Exercise =
Once you find the line below that has "Hydraulic vertical designer", output it and every line after it exactly, stopping after the line that has "Die Max-Planck-Schule entsteht", with no pictures.

::: Data for processing :::

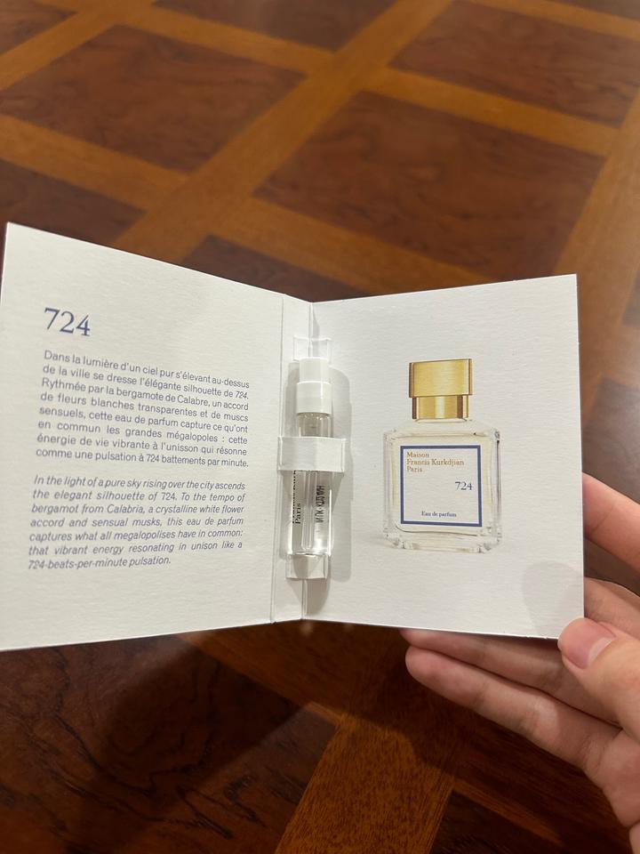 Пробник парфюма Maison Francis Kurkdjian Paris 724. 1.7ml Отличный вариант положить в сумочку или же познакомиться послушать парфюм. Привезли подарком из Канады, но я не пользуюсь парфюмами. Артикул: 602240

:::
::: Data for processing :::

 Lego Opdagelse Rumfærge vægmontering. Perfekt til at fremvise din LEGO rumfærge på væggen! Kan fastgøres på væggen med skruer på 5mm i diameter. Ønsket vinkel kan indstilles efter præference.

:::
::: Data for processing :::

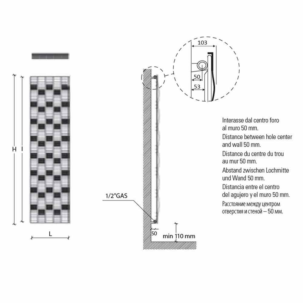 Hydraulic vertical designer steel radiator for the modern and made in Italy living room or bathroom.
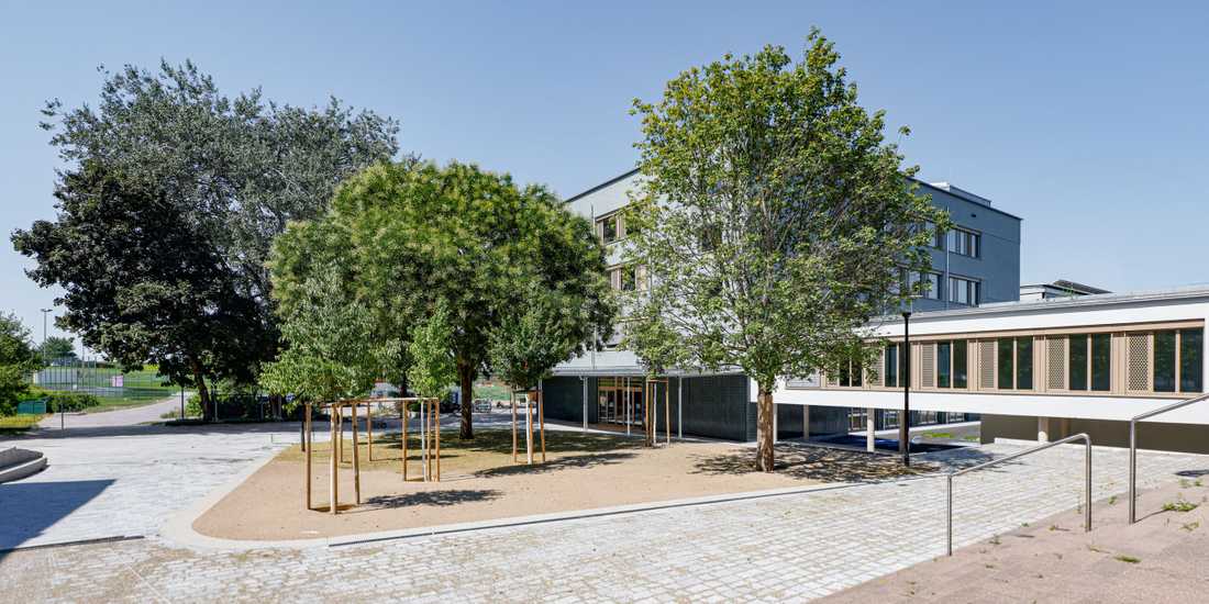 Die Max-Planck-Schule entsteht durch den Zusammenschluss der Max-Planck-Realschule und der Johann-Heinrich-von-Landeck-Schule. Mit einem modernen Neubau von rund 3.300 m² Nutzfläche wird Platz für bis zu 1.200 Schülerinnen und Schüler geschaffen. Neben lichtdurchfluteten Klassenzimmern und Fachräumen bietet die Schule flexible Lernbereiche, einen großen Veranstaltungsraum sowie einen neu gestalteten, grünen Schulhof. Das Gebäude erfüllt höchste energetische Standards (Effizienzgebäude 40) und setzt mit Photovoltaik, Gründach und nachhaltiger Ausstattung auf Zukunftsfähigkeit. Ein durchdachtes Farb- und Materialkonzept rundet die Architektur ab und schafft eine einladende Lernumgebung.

:::

Exercise answer =
 Hydraulic vertical designer steel radiator for the modern and made in Italy living room or bathroom.
 Die Max-Planck-Schule entsteht durch den Zusammenschluss der Max-Planck-Realschule und der Johann-Heinrich-von-Landeck-Schule. Mit einem modernen Neubau von rund 3.300 m² Nutzfläche wird Platz für bis zu 1.200 Schülerinnen und Schüler geschaffen. Neben lichtdurchfluteten Klassenzimmern und Fachräumen bietet die Schule flexible Lernbereiche, einen großen Veranstaltungsraum sowie einen neu gestalteten, grünen Schulhof. Das Gebäude erfüllt höchste energetische Standards (Effizienzgebäude 40) und setzt mit Photovoltaik, Gründach und nachhaltiger Ausstattung auf Zukunftsfähigkeit. Ein durchdachtes Farb- und Materialkonzept rundet die Architektur ab und schafft eine einladende Lernumgebung.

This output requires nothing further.